━━━━━ EXERCISE DATA

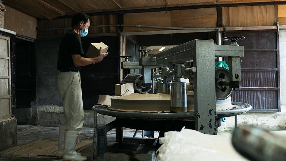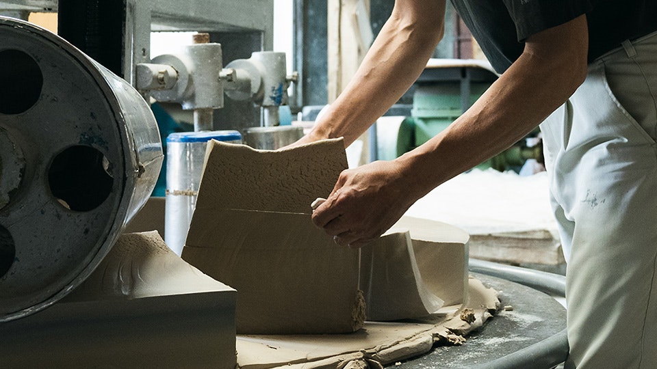 水と撹拌した磁器土をプレス機に入れ、水分を抜きます。さらに内部の空気を抜くために、練り機と脱泡機にかけます。磁器土は粘土に姿を変え、カットすると大きなチーズのような形状に。手で触るとひんやり冷たく、もっちりとした粘り気も伝わります。粘土づくりだけで1〜2週間が必要。効率性だけでは語れない仕事です。
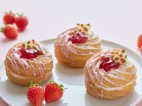 空気をたっぷり含ませて焼き上げた、ふわっと軽いフレンチクルーラー生地が主役。中にはなめらかなホイップクリームを忍ばせ、仕上げに甘酸っぱい いちごソースをトッピングしました。 とろけるような口どけの良さと、いちごの爽やかな余韻をお楽しみください。
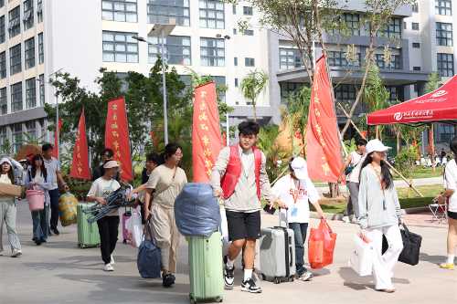 为保障2025迎新工作高效有序推进,学校各职能部门提前谋划、通力协作,从氛围营造到服务保障,全方位为新生打造便捷、温馨的报到体验。校园内,校门、主干道、迎新现场及宿舍区等关键区域均布置了鲜明的迎新标识,浓厚的欢迎氛围扑面而来;校外,学校在北海车站、机场提前设立迎新服务点,安排专线接送车辆,确保新生安全抵达校园。
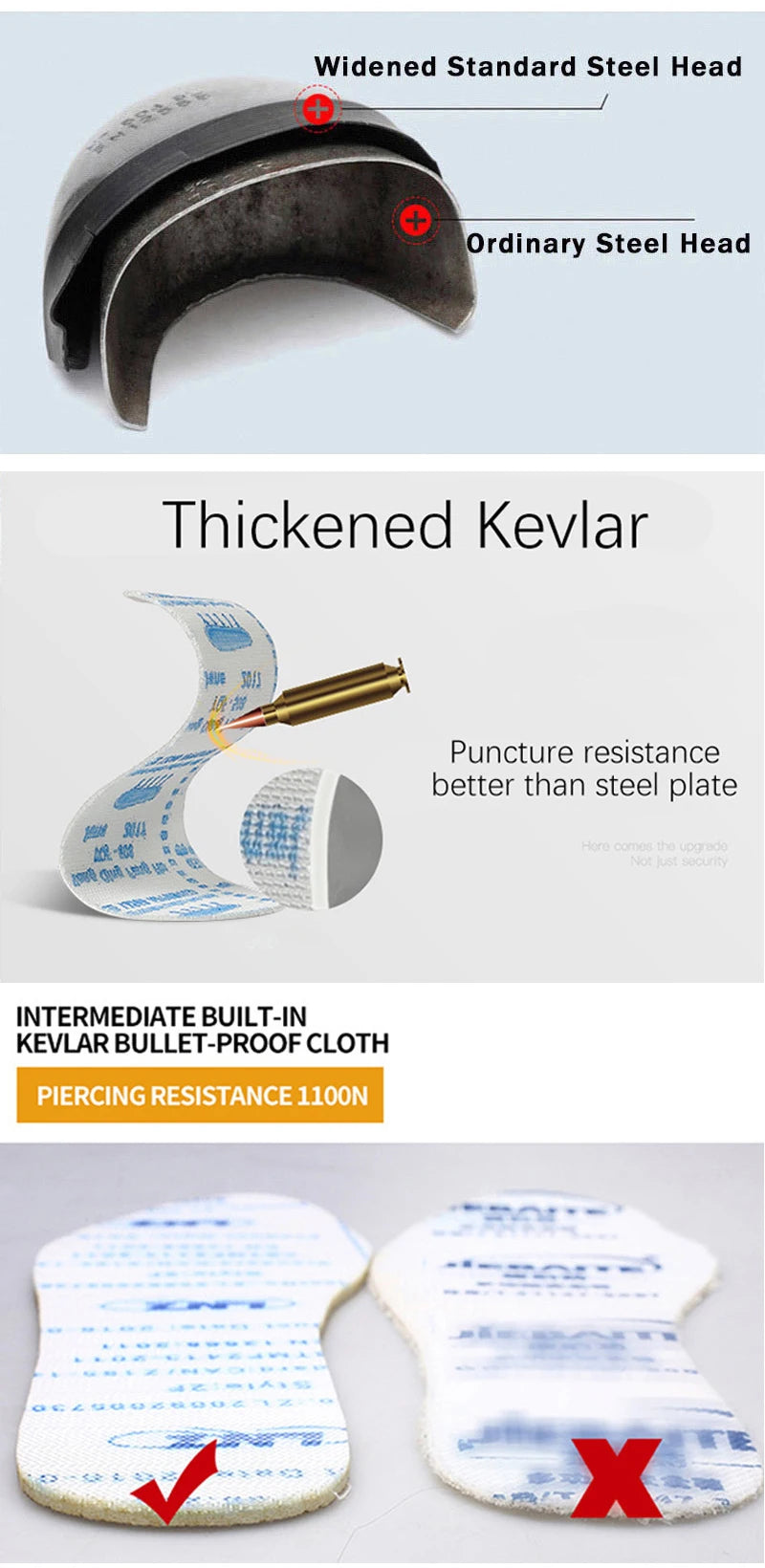 Kevlar Midsole Anti-puncture:This steel toe shoes are made of Kevlar, which is a protective fiber material. It can protect feet from being punctured by sharp objects like nails, steel bar.

━━━━━━━━━━

▸ ABOUT THIS TASK
Beginning with the line that holds "为保障2025迎新工作高效有", extract every line to the end of the material, exactly as it stands, and drop the pictures.

▸ RESPONSE BELOW
 为保障2025迎新工作高效有序推进,学校各职能部门提前谋划、通力协作,从氛围营造到服务保障,全方位为新生打造便捷、温馨的报到体验。校园内,校门、主干道、迎新现场及宿舍区等关键区域均布置了鲜明的迎新标识,浓厚的欢迎氛围扑面而来;校外,学校在北海车站、机场提前设立迎新服务点,安排专线接送车辆,确保新生安全抵达校园。
 Kevlar Midsole Anti-puncture:This steel toe shoes are made of Kevlar, which is a protective fiber material. It can protect feet from being punctured by sharp objects like nails, steel bar.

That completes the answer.